Kitap yazmak …Evet , gerçekten özveri, sabır isteyen bir iş. Bir kere piyasadaki çıkan kitaplara bakmalısın , ne tip kitaplar yayınlanmış, yazmayı planladığınız ya da yazdığınız kitabın benzerleri var mı, hangi yayınevleri sizin yazdığınız tür uygun , hitap edeceğiniz kitle..vs. en başta ben bunları araştırdım. Eğer iyi bir çevreniz varsa yazar ajanı adı altında bu işleri yapan, yazarla yayınevi arasında iletişim kuran, size bazı tüyoları veren ve bu işten bir miktar para alan şahıslar var.

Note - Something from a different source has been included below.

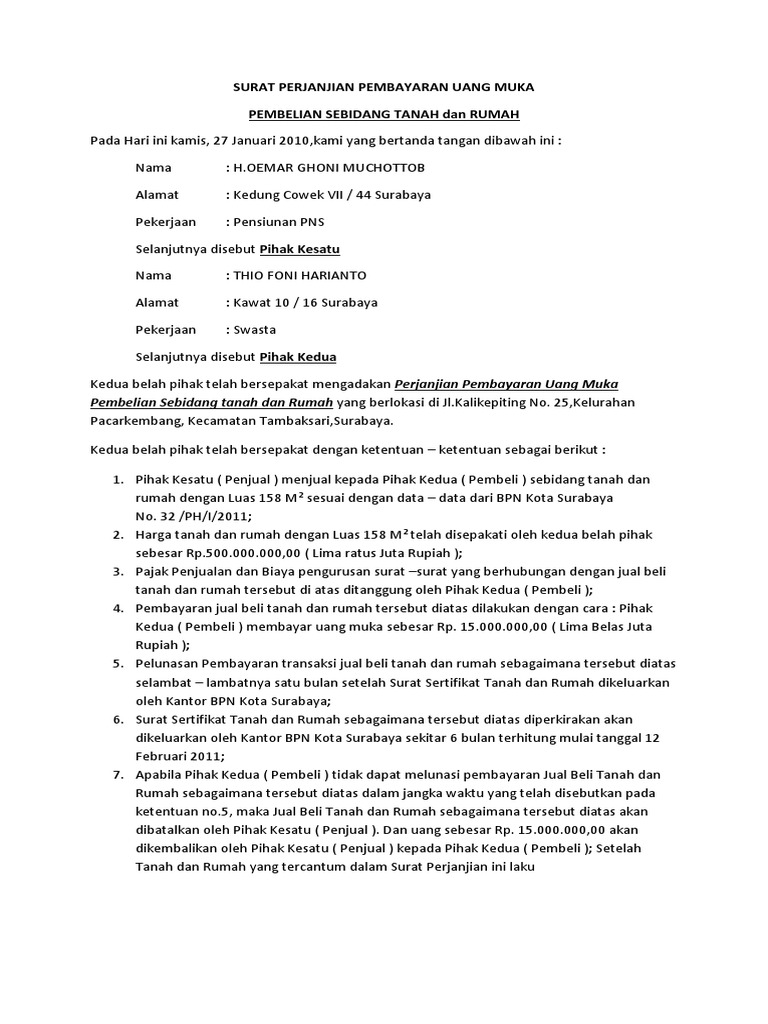 29+ Surat Perjanjian Pembayaran Uang Muka Jual Beli Tanah

Yayınevindekileri tanıyorlar, hangi kitap nerede, nasıl satar bu konuları biliyorlar. Böyle bir insanla tanışma fırsatınız varsa sizi doğru yönlendirebilir.

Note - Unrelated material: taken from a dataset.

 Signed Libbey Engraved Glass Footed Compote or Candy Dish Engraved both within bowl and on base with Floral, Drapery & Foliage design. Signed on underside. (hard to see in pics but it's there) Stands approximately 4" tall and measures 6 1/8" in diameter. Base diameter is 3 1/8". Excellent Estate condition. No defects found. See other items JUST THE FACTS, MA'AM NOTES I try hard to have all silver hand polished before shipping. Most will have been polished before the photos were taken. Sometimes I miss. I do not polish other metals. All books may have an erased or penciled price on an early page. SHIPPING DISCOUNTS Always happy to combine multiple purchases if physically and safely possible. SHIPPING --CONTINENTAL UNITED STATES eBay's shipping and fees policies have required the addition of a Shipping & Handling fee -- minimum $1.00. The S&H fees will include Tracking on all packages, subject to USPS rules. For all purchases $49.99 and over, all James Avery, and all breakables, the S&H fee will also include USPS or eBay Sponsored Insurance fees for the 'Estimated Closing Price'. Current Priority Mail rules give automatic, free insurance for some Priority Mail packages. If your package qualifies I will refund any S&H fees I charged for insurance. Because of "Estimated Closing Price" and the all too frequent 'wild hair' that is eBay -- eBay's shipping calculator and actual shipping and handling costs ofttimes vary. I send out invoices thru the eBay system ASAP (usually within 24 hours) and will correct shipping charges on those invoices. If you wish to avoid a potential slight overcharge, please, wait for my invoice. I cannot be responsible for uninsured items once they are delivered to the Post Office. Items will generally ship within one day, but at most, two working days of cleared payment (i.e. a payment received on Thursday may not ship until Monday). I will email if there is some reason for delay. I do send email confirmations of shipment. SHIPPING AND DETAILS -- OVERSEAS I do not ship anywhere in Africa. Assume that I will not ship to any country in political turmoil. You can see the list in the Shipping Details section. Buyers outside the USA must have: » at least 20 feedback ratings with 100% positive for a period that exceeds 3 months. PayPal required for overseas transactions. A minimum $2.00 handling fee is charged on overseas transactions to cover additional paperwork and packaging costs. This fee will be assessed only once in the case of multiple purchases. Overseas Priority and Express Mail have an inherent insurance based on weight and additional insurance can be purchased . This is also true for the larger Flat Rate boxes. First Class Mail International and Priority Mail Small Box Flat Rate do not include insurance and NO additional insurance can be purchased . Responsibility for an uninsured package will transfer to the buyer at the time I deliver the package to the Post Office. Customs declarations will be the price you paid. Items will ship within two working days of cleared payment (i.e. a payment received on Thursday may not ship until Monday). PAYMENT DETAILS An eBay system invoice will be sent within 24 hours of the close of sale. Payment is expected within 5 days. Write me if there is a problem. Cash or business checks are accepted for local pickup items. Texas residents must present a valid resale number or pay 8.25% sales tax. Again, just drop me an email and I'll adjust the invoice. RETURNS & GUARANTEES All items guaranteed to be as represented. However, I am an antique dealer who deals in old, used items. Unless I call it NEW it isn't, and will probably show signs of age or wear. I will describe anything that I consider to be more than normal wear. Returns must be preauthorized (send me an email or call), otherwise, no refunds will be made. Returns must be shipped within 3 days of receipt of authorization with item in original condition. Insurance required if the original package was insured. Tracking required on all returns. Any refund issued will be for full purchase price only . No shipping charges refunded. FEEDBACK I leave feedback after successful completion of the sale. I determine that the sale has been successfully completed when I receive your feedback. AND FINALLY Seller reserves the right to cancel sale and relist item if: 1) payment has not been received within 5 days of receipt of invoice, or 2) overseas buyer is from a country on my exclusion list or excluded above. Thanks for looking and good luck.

Ama ilk defa bu işe atılacaksanız benim yaptığım gibi tüm kitapçılar dolaşılır. Yazdığım türe uygun kitaplar yayınlayan yayınevindeki editörlerin isimleri, e mailleri alınır bir kenara not edilir. Sonra kitap dosyasının bir kısmı kısa bir özgeçmişiniz ve kitabın içeriği hakkında bilgiyle beraber gönderilir. Hepsini göndermemekte fayda var. Bazı kısımlar aşırılabiliyor..Asla el yazınızla yazdığınız bir dosyayı yollamayın, değerlendirmezler bilr.
Ben kitabımı aşağı yukarı 6- 7 ayda yazdım. Fakat bunları düzenlenmesi, imla hatalarını düzeltmek, tekrar gözden geçirip bazı yerlerini çıkartmak vs. bir altı ayımı daha aldı.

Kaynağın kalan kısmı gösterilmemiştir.